Выбросив цветок и пряча все ценное в маленьком убежище за молнией, мальчик стоял неподвижно. К старику обратилось бледное и пустое, как дно нищенской жестяной кружки, лицо. До слуха доносилось ровное позвякивание молочных бидонов на ферме Саттерли, расположенной в четверти мили, возбужденное шуршание ласточек под его собственной кровлей и, как всегда, бесконечная возня в ульях. Мальчик переступил с ноги на ногу, как будто подыскивая подходящие слова. Открыл рот и снова закрыл. Наконец заговорил попугай.

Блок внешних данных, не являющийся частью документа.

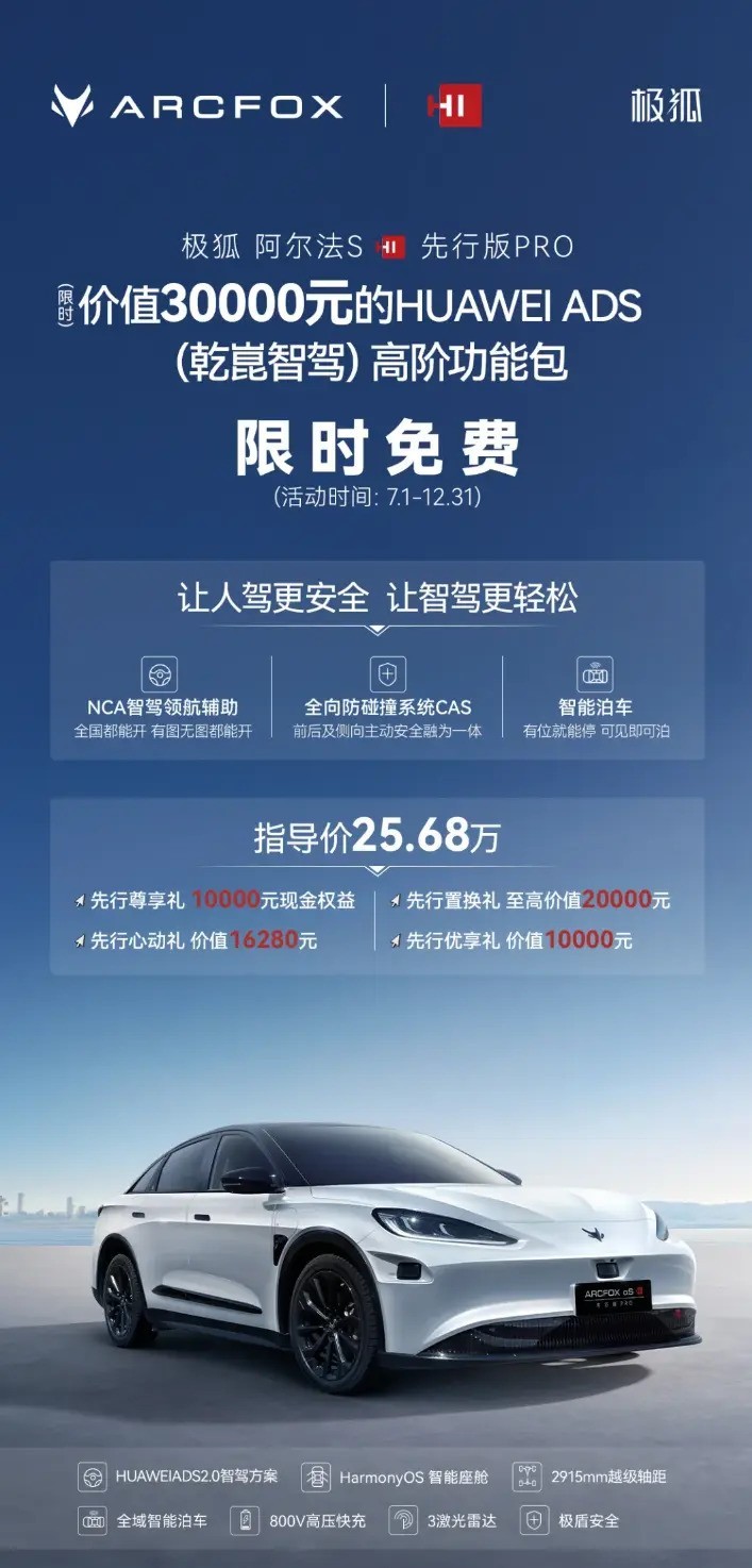 7月2日,极狐汽车宣布,其阿尔法S先行版PRO车型将限时免费搭载价值3万元的华为乾崑智驾高阶功能包。该活动时间为2024年7月1日至12月31日。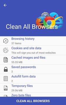 Browser Cleaner is an android system tool which can clean your browsing history, cookies and site data, cached images and files, saved passwords, autofill form data, temporary files, zero byte files, save your disk space ,make your phone's speed more faster.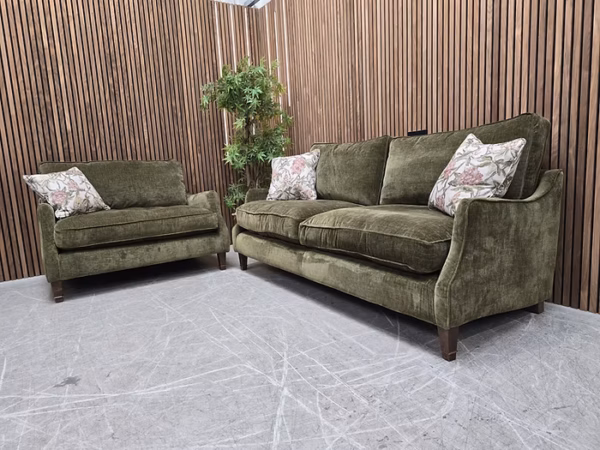 Designer Label Quarry English Heritage Sofa & Loveseat In Serpentine Distressed Chenille RRP-£3148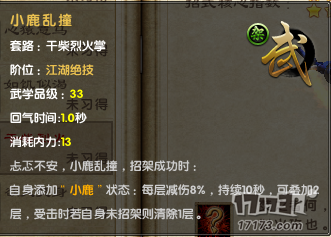 “干柴烈火掌”的架招,挂伴侣可以用红豆兑换,以前记得可以做任务直接换一套入门,还是伴侣到了一定的等级去接任务,具体是什么小编真的忘记了,不过说起这个架招和第一个介绍的“弥勒垂眉”有异曲同工之妙,为什么这么说因为这个是直接实实在在的给你减少伤害,敌人打你降低攻击伤害,具体可以叠加到多少层我不知道,还需要大家自己去体验下,但是效果还是很不错的,单挑和群战都适合,因为非常大众和直接的减伤,持续时间有点短,可能是因为这样太逆天了,若配上一些比较牛叉的内功和宝物减伤,那还得了你的对手打你估计都打不出什么伤害了。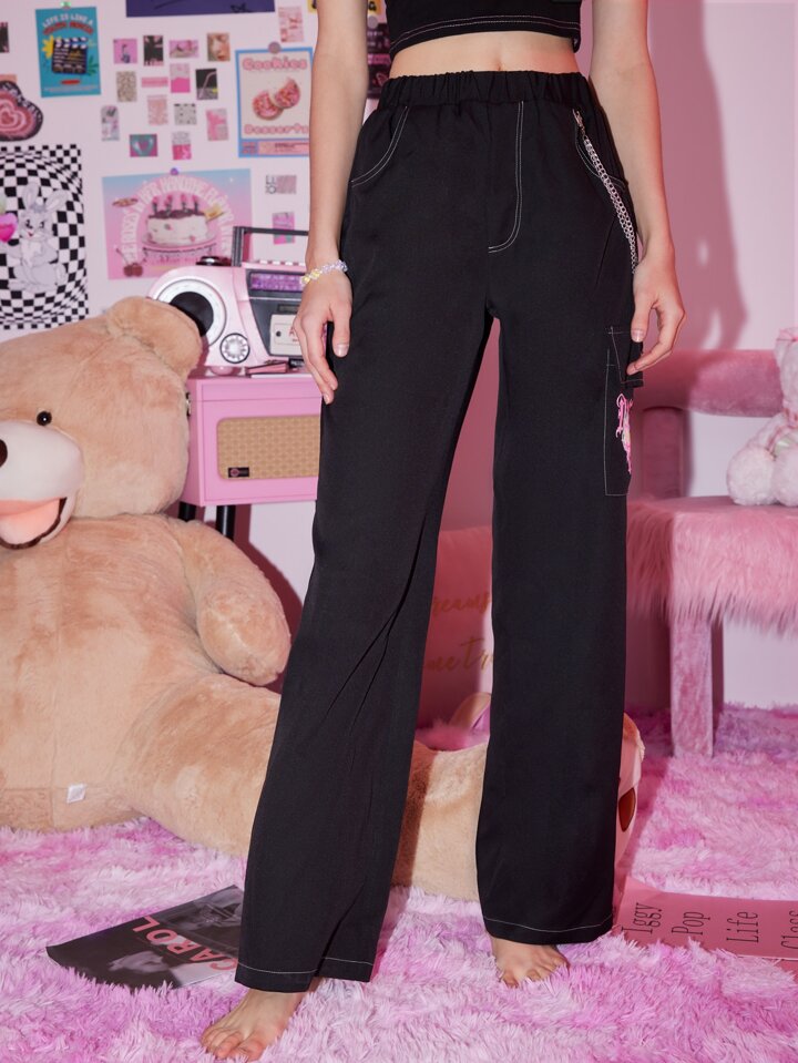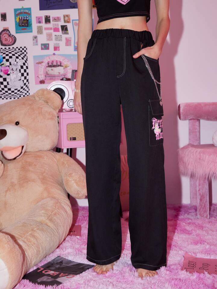 Kawaii Butterfly Letter Graphic Cargo Pants

— Zwei, eins, sieben, fünf, vier, sieben, drei [2] Два, один, семь, пять, четыре, семь, три ( нем. ).
, — произнес он неожиданно мягким, грудным голосом, чуть-чуть шепелявя.

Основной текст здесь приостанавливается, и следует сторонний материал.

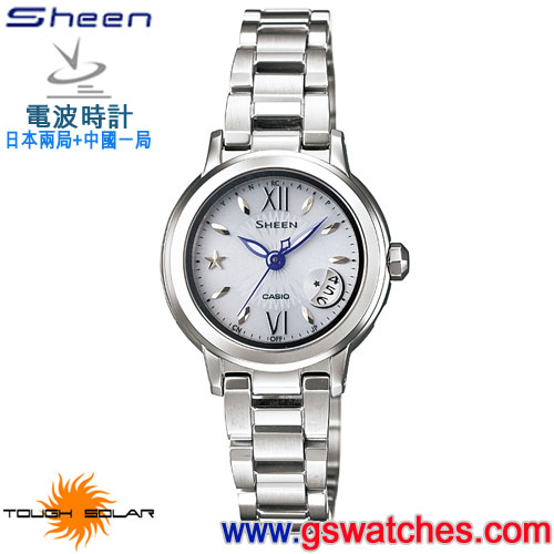 CASIO SHEEN SHW-1500系列以星星點綴精緻優雅的小錶徑圓形錶盤,太陽光芒圖樣錶盤散發耀眼自信的光芒,而日期窗格則以月亮造型呈現。SHW-1500系列搭載三局電波接收功能(日本、中國),可自動校正時刻;而太陽能錶盤讓錶款在接收到陽光或微弱燈光時,可自動轉換成電力,省去經常替換電池的小煩惱。同時搭載指針校正機能,可將受外力撞擊移位的指針校正回正確位置。SHW-1501BDA搭載世界六局電波功能,為海外旅行時的便利校時機能;錶殼與錶帶經黑色離子IP處理,而月亮造型的日期窗則以紫色來突顯冷艷的黑色錶面。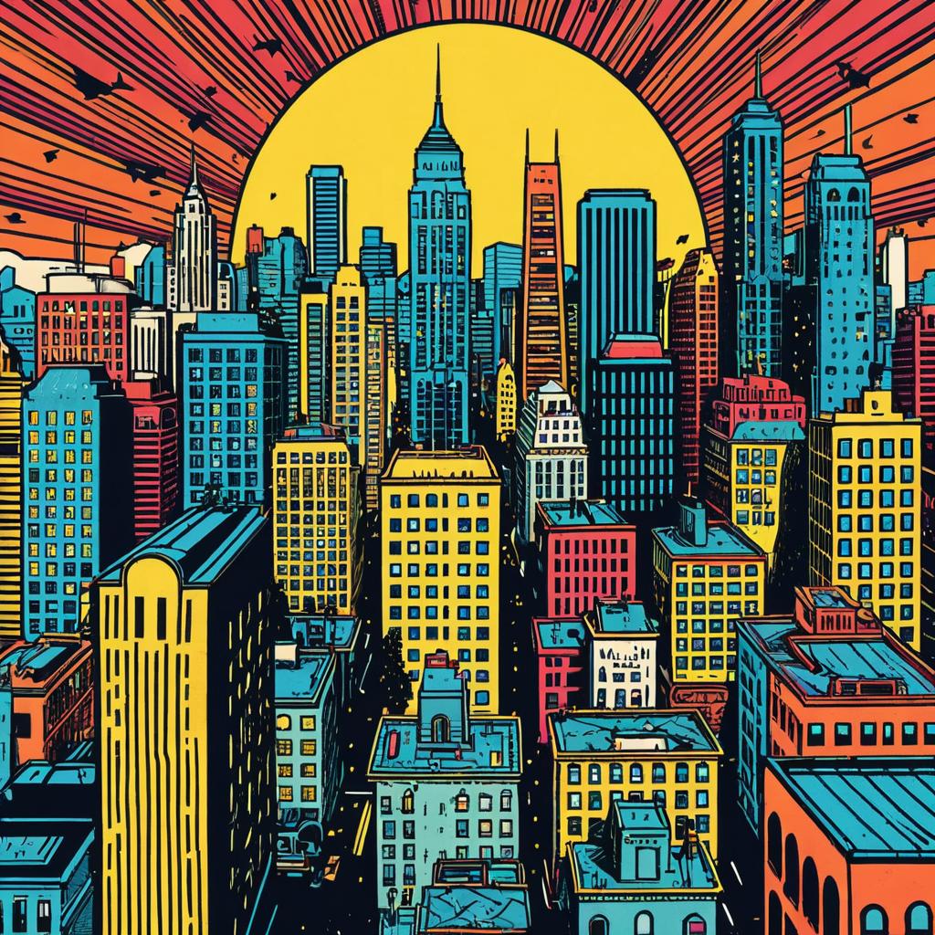 Illustration of a vibrant city skyline, kid-friendly, bold colors, playful silhouettes, comic book style, educational, detailed landmarks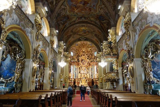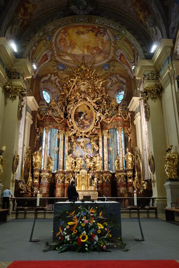 Die Stiftskirche, in den Jahren 1163-85 als dreischiffige romanische Pfeilerbasilika errichtet, wurde durch den Stiftsbrand 1237 vollständig zerstört, worauf ein Neubau im gotischen Stil erfolgte. Der vollständige Neubau der sich jetzt erhebenden dritten Stiftskirche erfolgte in den Jahren 1660-62 nach den Plänen des Schweizer Baumeisters Domenico Sciassia. Der Bilderschmuck der Stiftskirche thematisiert Jesus Christus als Erlöser der Welt. Der Hochaltar, das Glanzstück der Kirche, wurde nach Plänen von Matthias Steinl in den Jahren 1701 -04 errichtet. |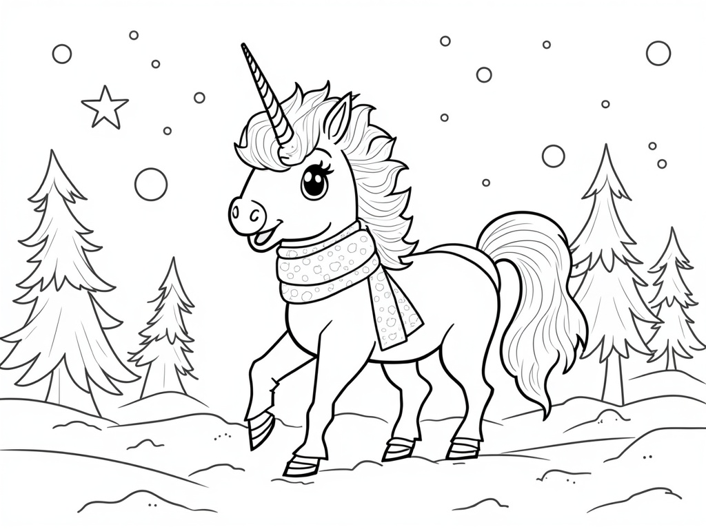 A fluffy-maned unicorn trots through gentle snow with pine trees, a scarf, and large snowflakes. Clean A4 black-and-white line art with bold outlines, simple winter motifs, and open spaces.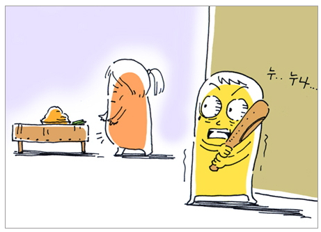 몇 분 후, '달그닥' 열쇠를 따는 소리가 났습니다. '삐그덕' 현관문이 열립니다. 전 숨죽인 채 야구 방망이 하나를 들고 주방 입구를 응시하고 있었는데 그만 비명을 지를 뻔 했습니다.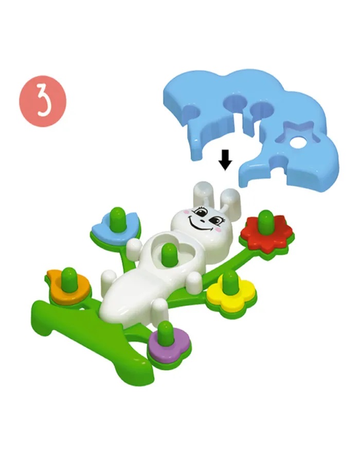 Игрушка состоит из 19 ярких деталей. Сочетает в себе сортер и пирамидку, благодаря чему надолго увлекает ребёнка и даёт возможность провести время с пользой.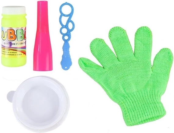 - Glove (universal size), solution bowl/base, bubble wand, pink funnel/tube, bottle of bubble solution

Мальчик стоял, как бы прислушиваясь к словам попугая, хотя выражение его лица не стало ни более сосредоточенным, ни более озадаченным.
— Vier, acht, vier, neun, eins, eins, sieben [3] Четыре, восемь, четыре, девять, один, один, семь ( нем. ).
.
Старик моргнул. Немецкие слова прозвучали столь неожиданно, в буквальном смысле столь не от мира сего, что на мгновение они зафиксировались в сознании лишь как череда неосторожных звуков, дикого птичьего бормотания, лишенного всякого смысла.

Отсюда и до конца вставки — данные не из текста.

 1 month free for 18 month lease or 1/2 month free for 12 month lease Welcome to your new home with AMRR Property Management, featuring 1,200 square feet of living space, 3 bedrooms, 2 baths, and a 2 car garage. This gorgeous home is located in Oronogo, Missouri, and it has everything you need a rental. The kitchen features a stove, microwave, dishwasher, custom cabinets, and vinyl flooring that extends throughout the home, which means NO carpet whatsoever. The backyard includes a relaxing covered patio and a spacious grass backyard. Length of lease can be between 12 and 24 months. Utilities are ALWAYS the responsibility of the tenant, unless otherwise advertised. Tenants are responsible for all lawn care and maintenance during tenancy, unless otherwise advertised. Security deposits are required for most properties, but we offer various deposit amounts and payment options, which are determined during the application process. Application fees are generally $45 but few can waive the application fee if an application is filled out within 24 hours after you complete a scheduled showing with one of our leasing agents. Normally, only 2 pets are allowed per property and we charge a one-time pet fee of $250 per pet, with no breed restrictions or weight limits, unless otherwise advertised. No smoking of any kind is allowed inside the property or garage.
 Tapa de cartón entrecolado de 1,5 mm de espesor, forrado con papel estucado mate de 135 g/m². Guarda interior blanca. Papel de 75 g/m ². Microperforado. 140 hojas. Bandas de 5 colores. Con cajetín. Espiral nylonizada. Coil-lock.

— Bist du Deutche? [4] Ты немец? ( нем. )
— наконец выговорил старик, не будучи вполне уверенным, к кому именно обращается — к мальчику или птице. Последний раз он говорил по-немецки лет тридцать назад, и теперь чувствовал, как слова падают с верхней полки памяти, завернутые из-за длительной невостребованности в пыльный креп.
Осторожно, с первыми признаками эмоций во взгляде мальчик кивнул.
Старик сунул в рот пораненный палец и принялся его сосать, не отдавая себе отчета в том, что делает, и не замечая соленого привкуса собственной крови. Встреча с одиноким немцем в Южном Даунсе в июле 1944 года, к тому же мальчиком, — вот загадка, пробудившая в нем былую пылкость и энергию. Он был рад, что поднял свою согбенную славу из коварных объятий кресла.
— Как ты сюда забрался? — спросил старик. — Куда идешь? И откуда, бог ты мой, у тебя попугай?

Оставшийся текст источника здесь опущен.